##### ENTRIES SUPPLIED #####
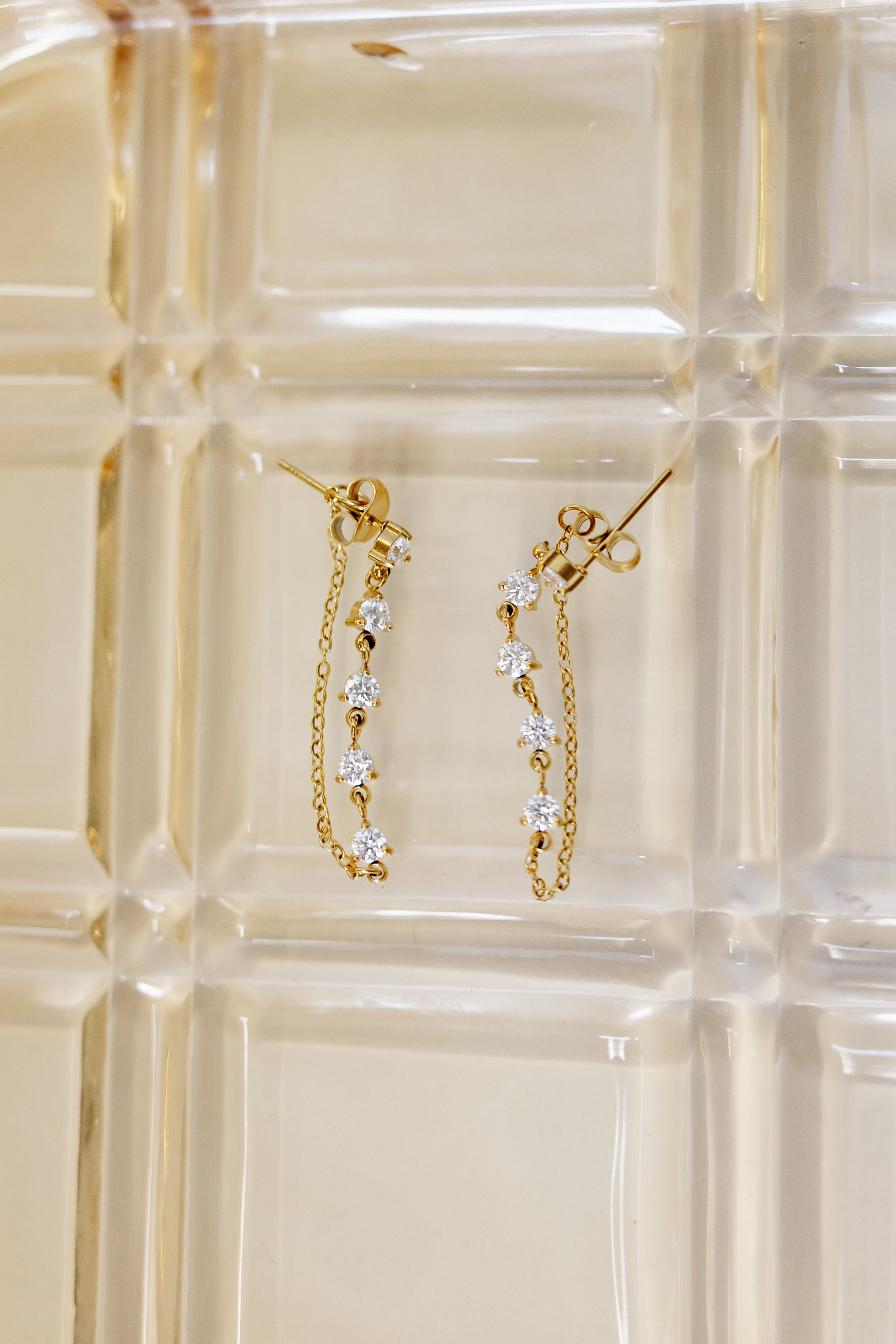 The Crystal Drop Stud Earrings are crafted with 14k gold-filled materials and finished with a subtle crystal drop for just the right amount of sparkle.
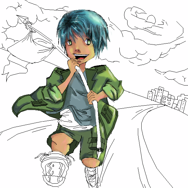Hey..this is cool drawing! I like how you did his hair! and the clouds look also cool!
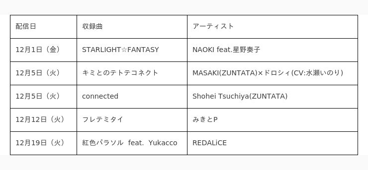 2023年12月は、「キミとのテトテコネクト / MASAKI(ZUNTATA)×ドロシィ(CV:水瀬いのり)」、「STARLIGHT☆FANTASY / NAOKI feat.星野奏子」など『テトテコネクト』の人気オリジナル楽曲5曲が追加されます。
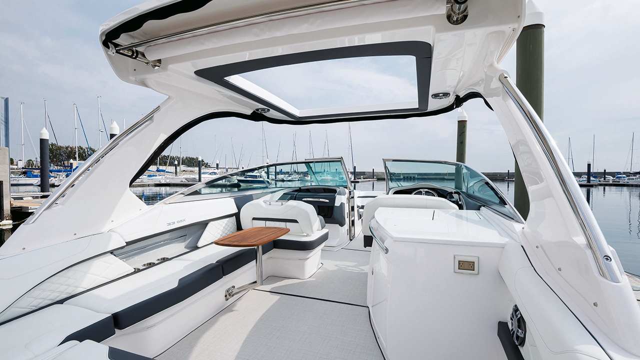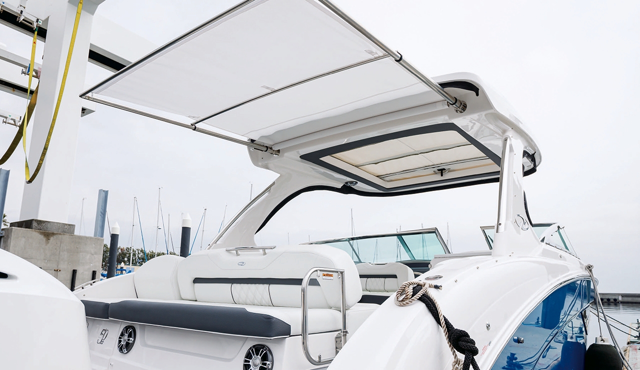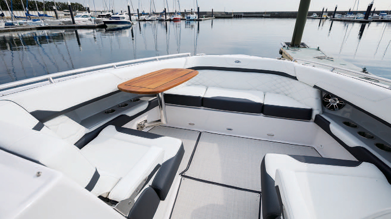 メインデッキには、多彩なアレンジが可能なラウンジソファに加え、ミニシンクやBBQグリルを装備し、ハードトップは、アフトデッキ全面をカバーする電動シェードも内臓。オープンなバウデッキをラウンジエリアとして活用できるなど自在な楽しみ方が可能で、ゲストにも快適なボート体験をもたらします。
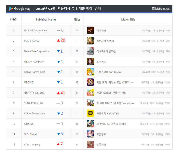 ... 이어 리니지2 레볼루션 외 총 17종을 매출 순위에 올린 리니지2 레볼루션이 3위, 오버히트 및 17종의 넥슨이 4위, 프렌즈마블 및 16종의 카카오게임즈가 5위를 차지했다. 펄어비스의 검은사막 모바일은 리니지M과는 현저한 매출 차이를 보이지만 리니지2 레볼루션이
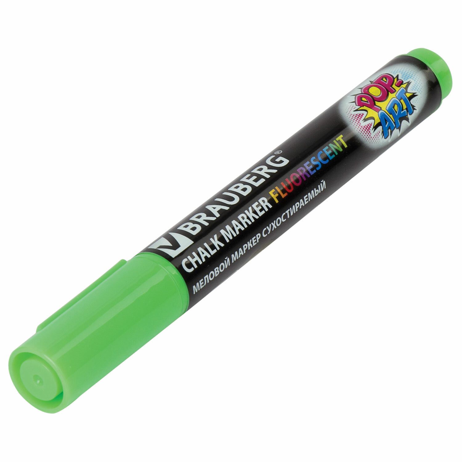 Маркер меловой "POP-ART" ЗЕЛЕНЫЙ, 5 мм, стираемый, для гладких поверхностей, BRAUBERG, 151532
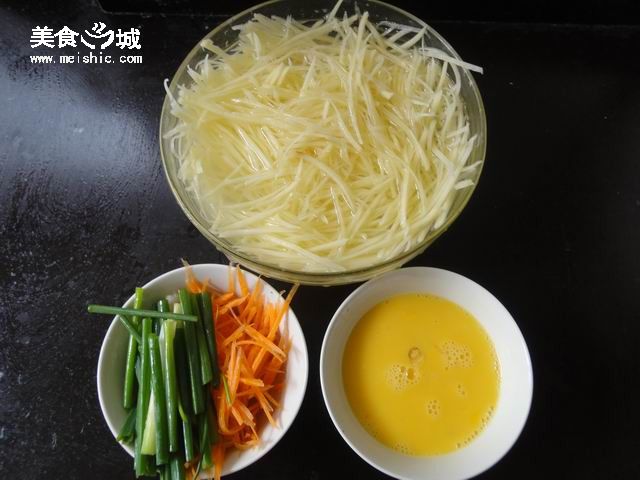 1、土豆、红罗卜削去外皮,洗净切丝,土豆丝用清水浸泡。
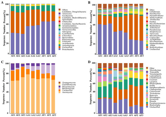 Taxonomical composition of rhizosphere microbial communities in the three Astragalus species of A. forrestii (AF), A. acaulis (AA), and A. ernestii (AE) at different taxonomic levels. The relative abundance of bacteria at the phylum (A) and genus (B) levels, and fungi at the phylum (C) and genus (D) levels.
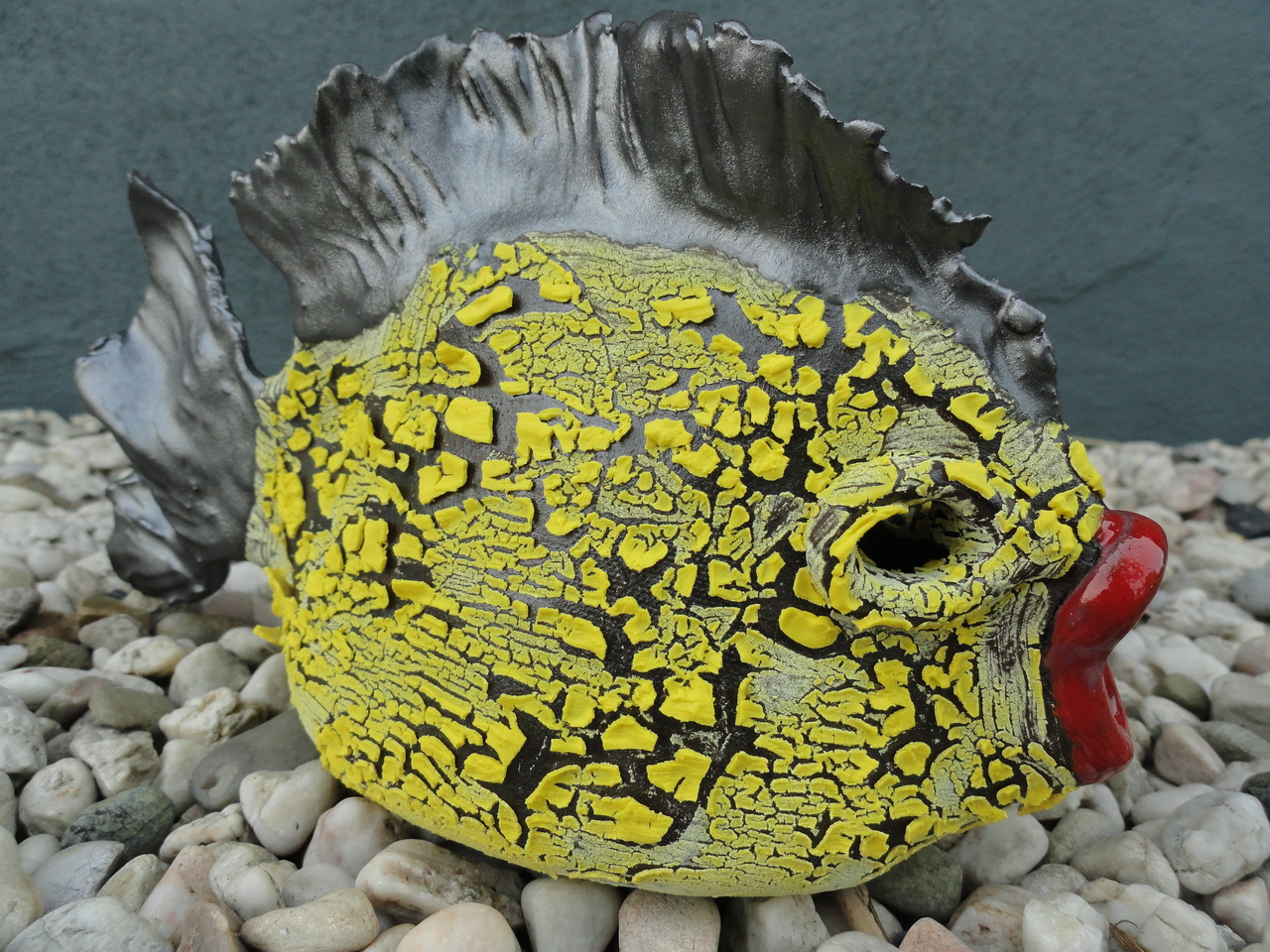 vis gemaakt van zwart bakkende klei, geglazuurd met terugtrekkende gele glazuur . Hierdoor is een schubben effect ontstaan. De vinnen en staart zijn met zilveren aardewerkglazuur afgewerkt en gestookt op 1060 graden in een elektrische oven.
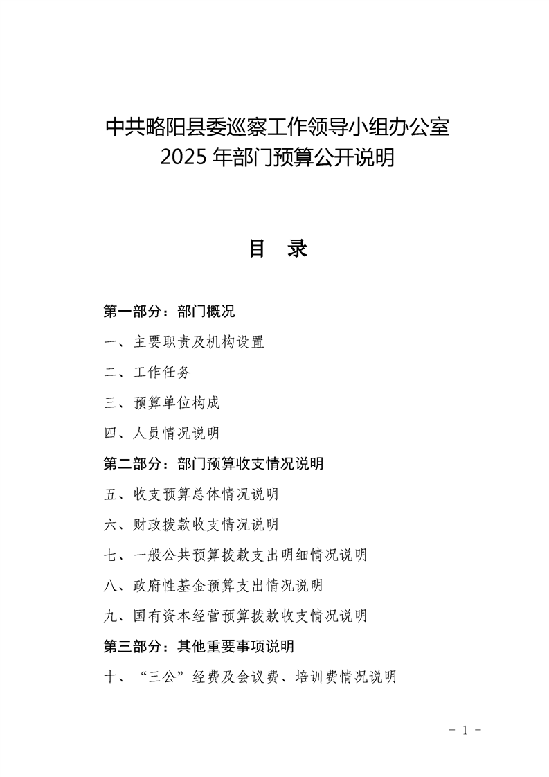 内容概述 | 中共星空体育首页app委巡察工作领导小组办公室2025年部门预算公开说明 |
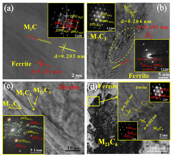 Figure 9 displays the microstructure of the carbides and relationship between the interfacial carbides and the interfacial ferrite matrix in the regions A, B, C, and D. The crystallographic relationships between the interfacial carbides and the interfacial ferrite matrix in regions A, B, C, and D were [−1211]M3C∥[00−2]α-Fe, (210)M3C∥(1−10)α-Fe, dM3C = 0.203 nm, dα-Fe = 0.201 nm (Figure 8a); [01−1]M7C3∥[−113]α-Fe, (600)M7C3∥(110)α-Fe, dM7C3 = 0.204 nm, dα-Fe = 0.202 nm (Figure 8b); [−11−1]M7C3∥[−110]M23C6∥[−011]α-Fe, (132)M7C3∥(01−2)α-Fe, (660)M7C3∥(−200)α-Fe (Figure 8c); [1−11]M23C6∥[−111]α-Fe, (440)M23C6∥(110)α-Fe, (40−4)M23C6∥(110)α-Fe, dM23C6 = 0.203 nm, dα-Fe = 0.202 nm (Figure 8d), respectively. The lattice misfit δ of the interfacial carbide and interfacial ferrite matrix could be calculated by Equation (11) [27]:
#####
§ ASSIGNMENT
Print the whole listing above once more, word for word, without its pictures.

§ SOLUTION TO THIS TASK
 The Crystal Drop Stud Earrings are crafted with 14k gold-filled materials and finished with a subtle crystal drop for just the right amount of sparkle.
Hey..this is cool drawing! I like how you did his hair! and the clouds look also cool!
 2023年12月は、「キミとのテトテコネクト / MASAKI(ZUNTATA)×ドロシィ(CV:水瀬いのり)」、「STARLIGHT☆FANTASY / NAOKI feat.星野奏子」など『テトテコネクト』の人気オリジナル楽曲5曲が追加されます。
 メインデッキには、多彩なアレンジが可能なラウンジソファに加え、ミニシンクやBBQグリルを装備し、ハードトップは、アフトデッキ全面をカバーする電動シェードも内臓。オープンなバウデッキをラウンジエリアとして活用できるなど自在な楽しみ方が可能で、ゲストにも快適なボート体験をもたらします。
 ... 이어 리니지2 레볼루션 외 총 17종을 매출 순위에 올린 리니지2 레볼루션이 3위, 오버히트 및 17종의 넥슨이 4위, 프렌즈마블 및 16종의 카카오게임즈가 5위를 차지했다. 펄어비스의 검은사막 모바일은 리니지M과는 현저한 매출 차이를 보이지만 리니지2 레볼루션이
 Маркер меловой "POP-ART" ЗЕЛЕНЫЙ, 5 мм, стираемый, для гладких поверхностей, BRAUBERG, 151532
 1、土豆、红罗卜削去外皮,洗净切丝,土豆丝用清水浸泡。
 Taxonomical composition of rhizosphere microbial communities in the three Astragalus species of A. forrestii (AF), A. acaulis (AA), and A. ernestii (AE) at different taxonomic levels. The relative abundance of bacteria at the phylum (A) and genus (B) levels, and fungi at the phylum (C) and genus (D) levels.
 vis gemaakt van zwart bakkende klei, geglazuurd met terugtrekkende gele glazuur . Hierdoor is een schubben effect ontstaan. De vinnen en staart zijn met zilveren aardewerkglazuur afgewerkt en gestookt op 1060 graden in een elektrische oven.
 内容概述 | 中共星空体育首页app委巡察工作领导小组办公室2025年部门预算公开说明 |
 Figure 9 displays the microstructure of the carbides and relationship between the interfacial carbides and the interfacial ferrite matrix in the regions A, B, C, and D. The crystallographic relationships between the interfacial carbides and the interfacial ferrite matrix in regions A, B, C, and D were [−1211]M3C∥[00−2]α-Fe, (210)M3C∥(1−10)α-Fe, dM3C = 0.203 nm, dα-Fe = 0.201 nm (Figure 8a); [01−1]M7C3∥[−113]α-Fe, (600)M7C3∥(110)α-Fe, dM7C3 = 0.204 nm, dα-Fe = 0.202 nm (Figure 8b); [−11−1]M7C3∥[−110]M23C6∥[−011]α-Fe, (132)M7C3∥(01−2)α-Fe, (660)M7C3∥(−200)α-Fe (Figure 8c); [1−11]M23C6∥[−111]α-Fe, (440)M23C6∥(110)α-Fe, (40−4)M23C6∥(110)α-Fe, dM23C6 = 0.203 nm, dα-Fe = 0.202 nm (Figure 8d), respectively. The lattice misfit δ of the interfacial carbide and interfacial ferrite matrix could be calculated by Equation (11) [27]:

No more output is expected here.